* WHAT YOU WILL DO *
Quote the lines of the data below verbatim, beginning at the line that contains "- 해석: (과학/지구과학)" and ending at the last line, both included, and excluding pictures.

Saved entries:

-------

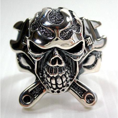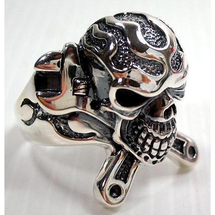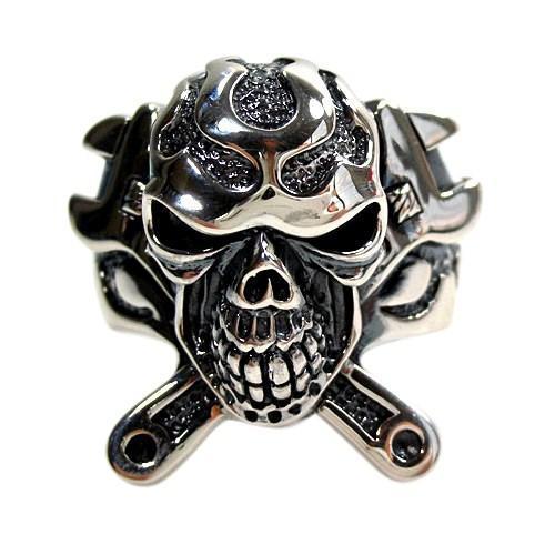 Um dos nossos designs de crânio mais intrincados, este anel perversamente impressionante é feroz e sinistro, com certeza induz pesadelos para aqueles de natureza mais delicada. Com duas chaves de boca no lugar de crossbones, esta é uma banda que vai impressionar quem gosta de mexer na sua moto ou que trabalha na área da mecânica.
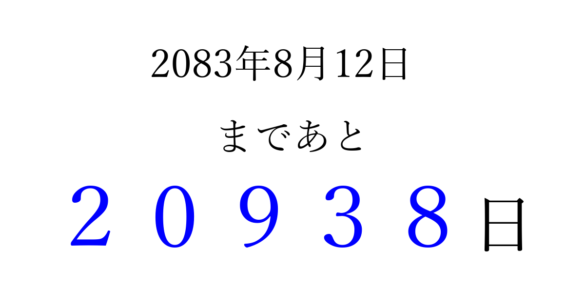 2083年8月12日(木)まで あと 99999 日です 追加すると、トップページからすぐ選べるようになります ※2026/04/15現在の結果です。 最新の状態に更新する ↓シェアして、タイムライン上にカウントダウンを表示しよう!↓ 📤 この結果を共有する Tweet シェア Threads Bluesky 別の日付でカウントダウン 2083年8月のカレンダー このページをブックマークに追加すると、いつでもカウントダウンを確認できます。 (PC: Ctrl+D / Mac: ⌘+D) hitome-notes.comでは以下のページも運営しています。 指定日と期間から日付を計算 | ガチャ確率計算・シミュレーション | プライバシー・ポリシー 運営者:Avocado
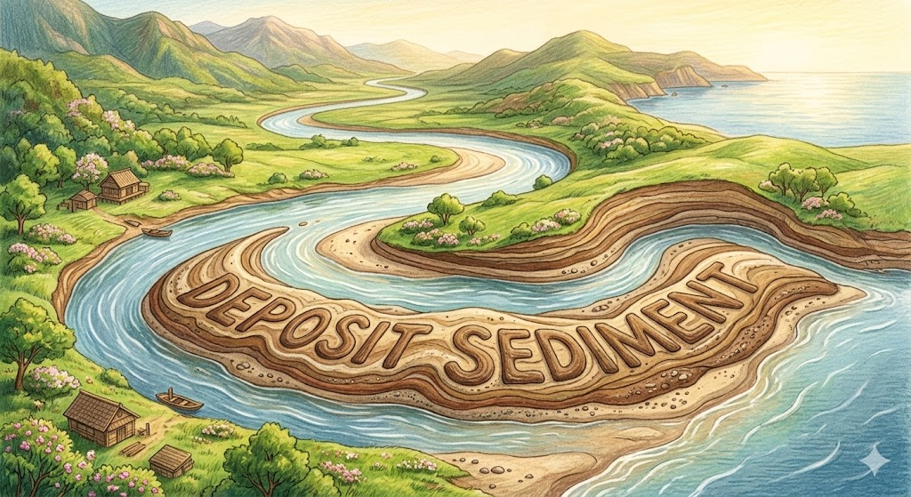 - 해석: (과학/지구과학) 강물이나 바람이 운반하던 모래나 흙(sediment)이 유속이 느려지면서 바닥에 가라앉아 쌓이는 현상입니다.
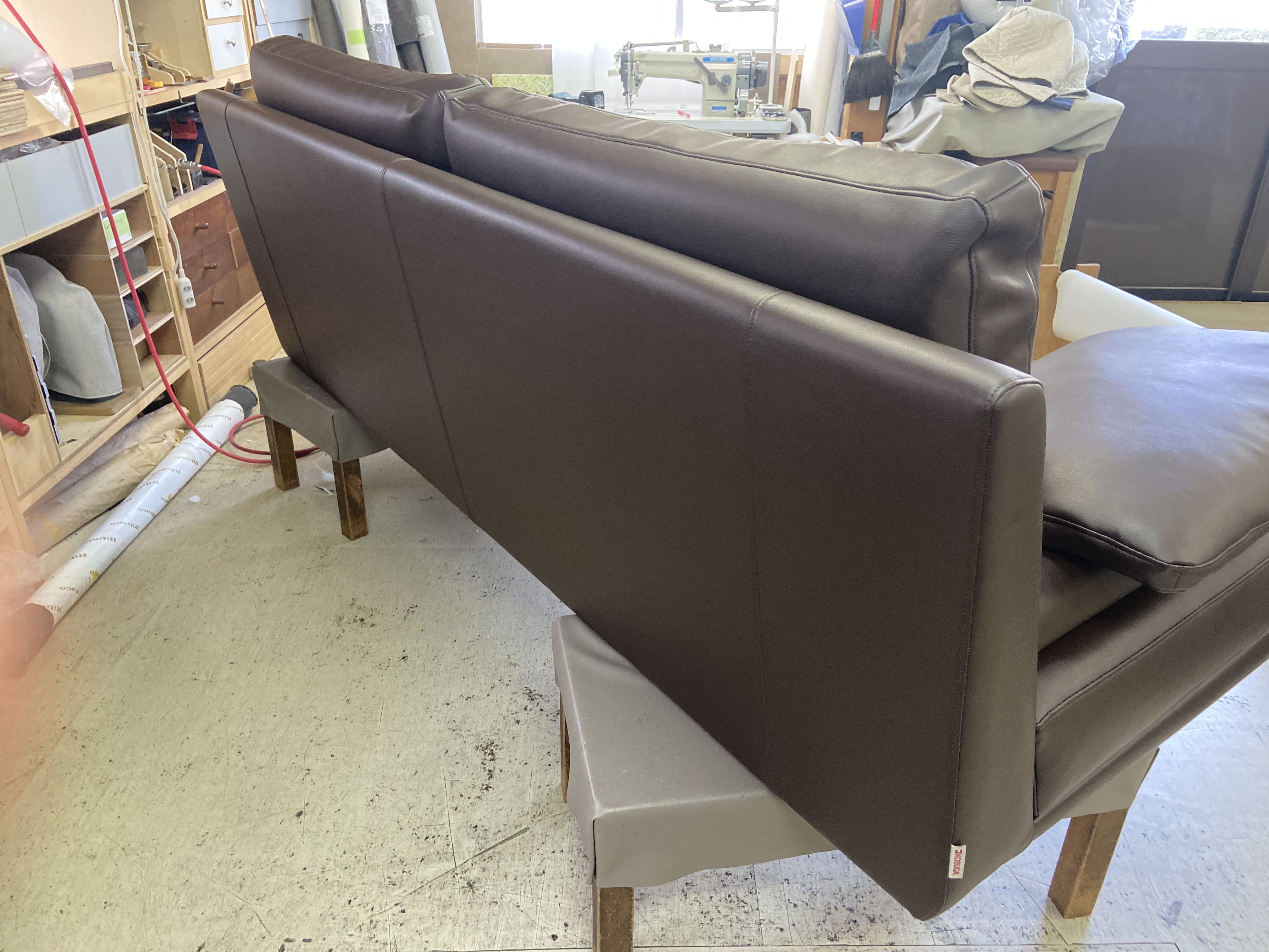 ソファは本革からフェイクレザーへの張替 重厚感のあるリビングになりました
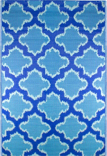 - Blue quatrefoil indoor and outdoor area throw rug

-------

* ANSWER SECTION *
 - 해석: (과학/지구과학) 강물이나 바람이 운반하던 모래나 흙(sediment)이 유속이 느려지면서 바닥에 가라앉아 쌓이는 현상입니다.
 ソファは本革からフェイクレザーへの張替 重厚感のあるリビングになりました
 - Blue quatrefoil indoor and outdoor area throw rug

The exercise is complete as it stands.